● **RECORDS FOR THE TASK**:
####################

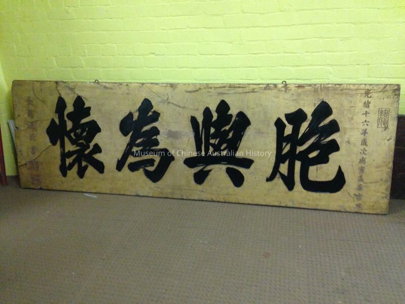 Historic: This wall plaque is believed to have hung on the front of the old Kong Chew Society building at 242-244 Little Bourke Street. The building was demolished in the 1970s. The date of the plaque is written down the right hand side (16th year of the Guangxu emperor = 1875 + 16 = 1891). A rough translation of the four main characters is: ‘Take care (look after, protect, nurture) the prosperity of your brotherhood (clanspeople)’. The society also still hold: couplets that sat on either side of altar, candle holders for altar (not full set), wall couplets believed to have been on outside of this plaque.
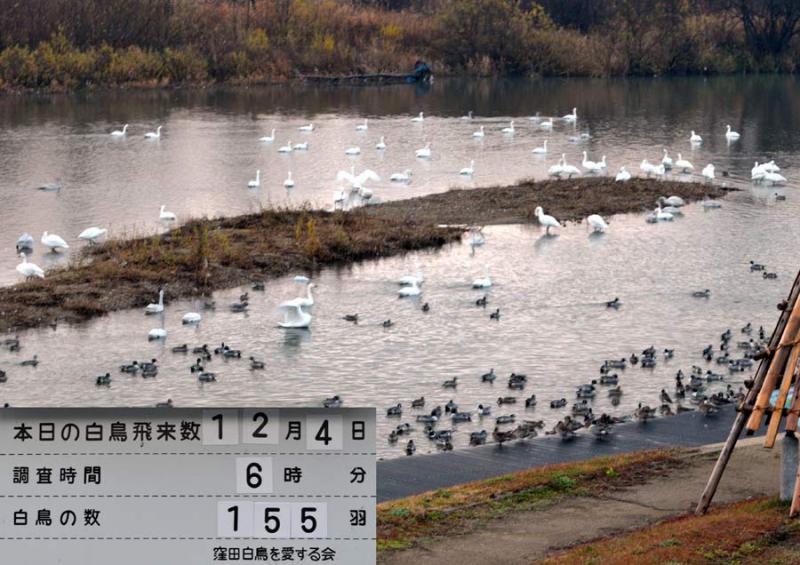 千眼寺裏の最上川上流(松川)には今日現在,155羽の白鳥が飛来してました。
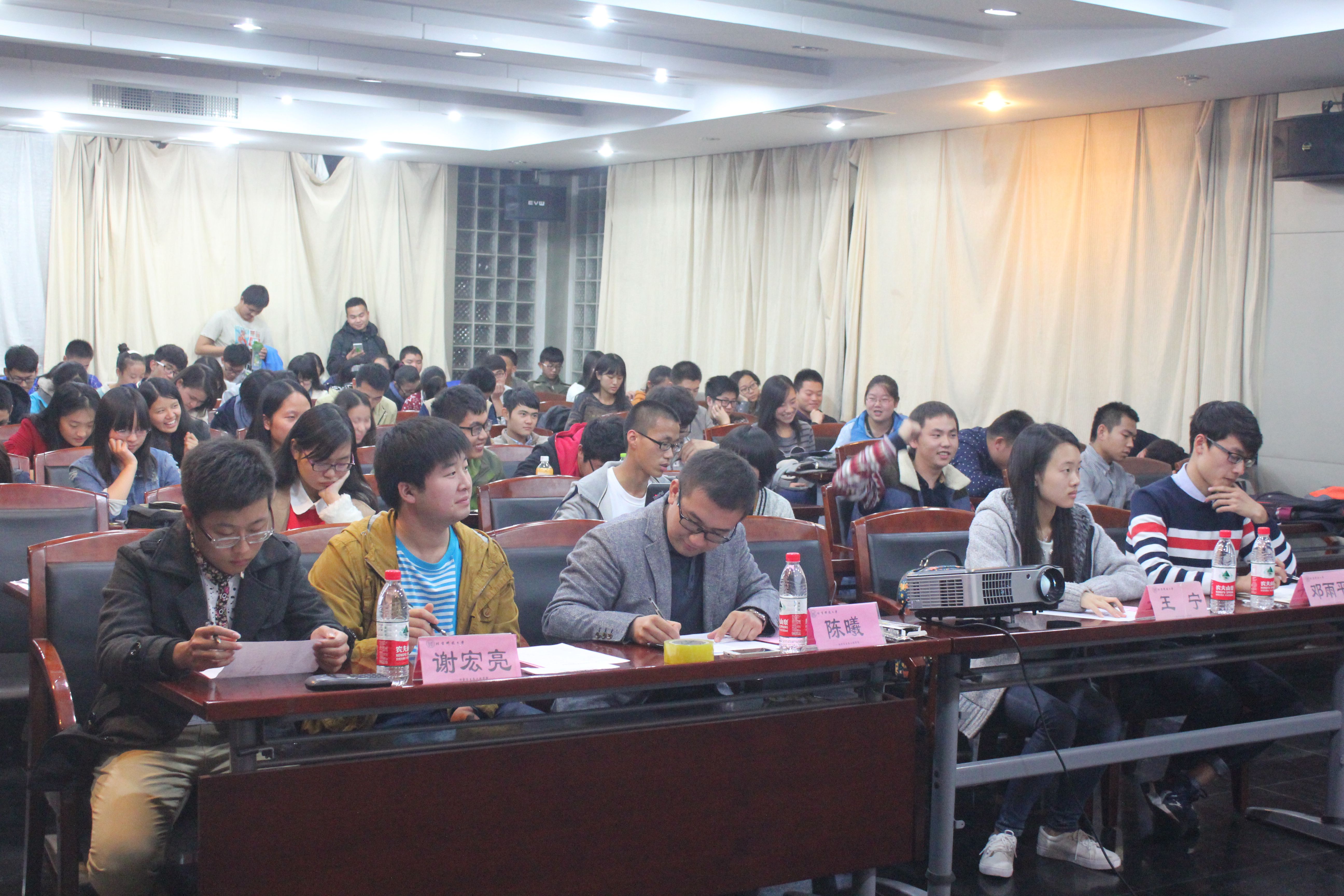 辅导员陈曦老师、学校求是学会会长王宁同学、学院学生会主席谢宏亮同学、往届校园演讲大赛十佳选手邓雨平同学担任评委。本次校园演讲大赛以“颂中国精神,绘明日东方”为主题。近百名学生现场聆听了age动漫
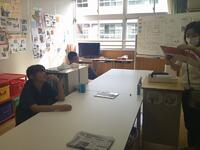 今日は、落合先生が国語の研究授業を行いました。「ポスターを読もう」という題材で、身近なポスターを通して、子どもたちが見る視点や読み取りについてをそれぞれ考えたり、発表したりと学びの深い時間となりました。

####################

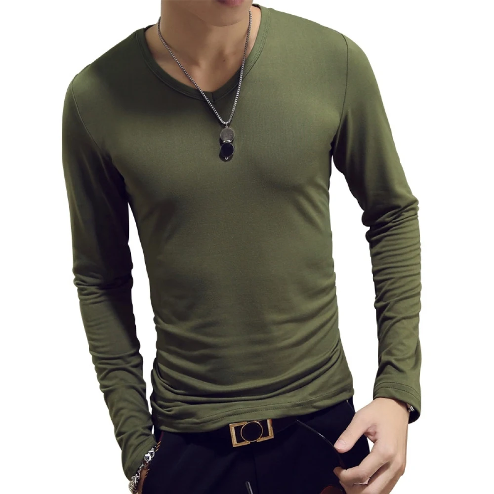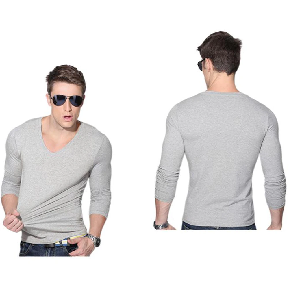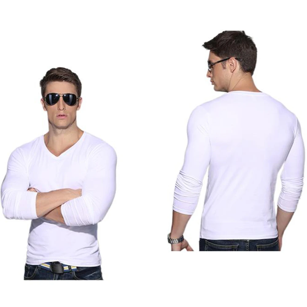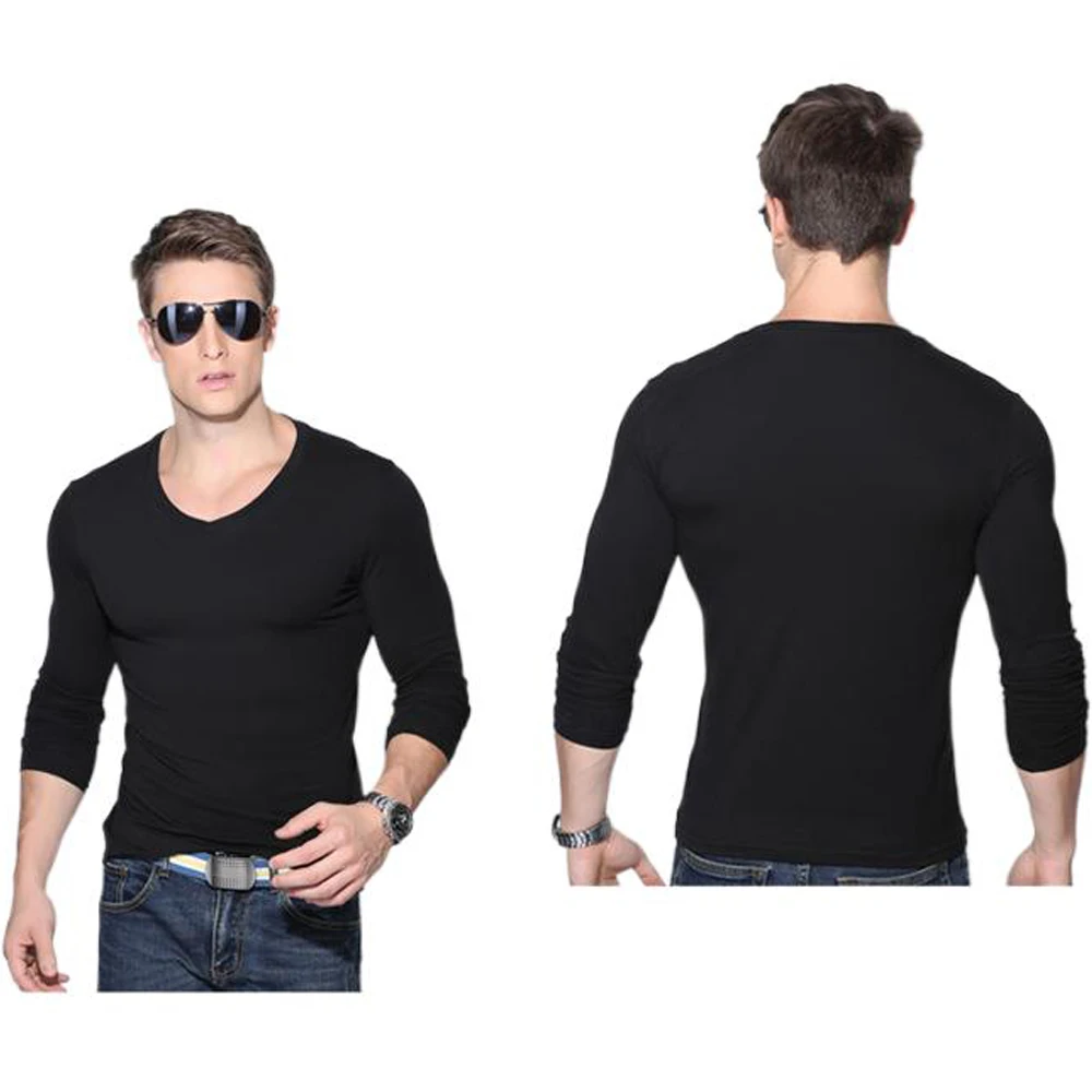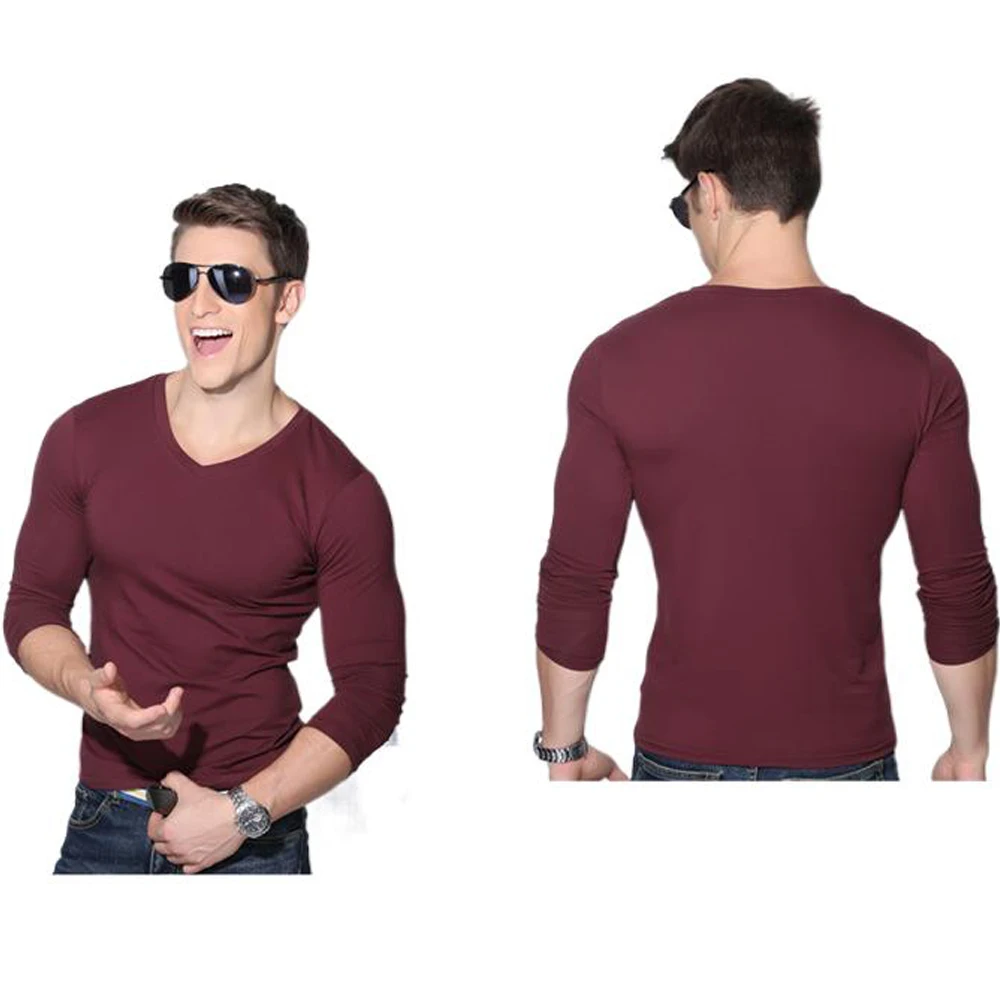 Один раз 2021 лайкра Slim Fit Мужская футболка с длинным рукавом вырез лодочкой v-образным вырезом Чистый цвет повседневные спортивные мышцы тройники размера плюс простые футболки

####################

● **BRIEF**:
From the records above, copy only the lines running from the line containing "辅导员陈曦老师、学校求是学会" to the line containing "今日は、落合先生が国語の研究", both ends included. Leave the pictures out.

● **SOLUTION TO THE EXERCISE**:
 辅导员陈曦老师、学校求是学会会长王宁同学、学院学生会主席谢宏亮同学、往届校园演讲大赛十佳选手邓雨平同学担任评委。本次校园演讲大赛以“颂中国精神,绘明日东方”为主题。近百名学生现场聆听了age动漫
 今日は、落合先生が国語の研究授業を行いました。「ポスターを読もう」という題材で、身近なポスターを通して、子どもたちが見る視点や読み取りについてをそれぞれ考えたり、発表したりと学びの深い時間となりました。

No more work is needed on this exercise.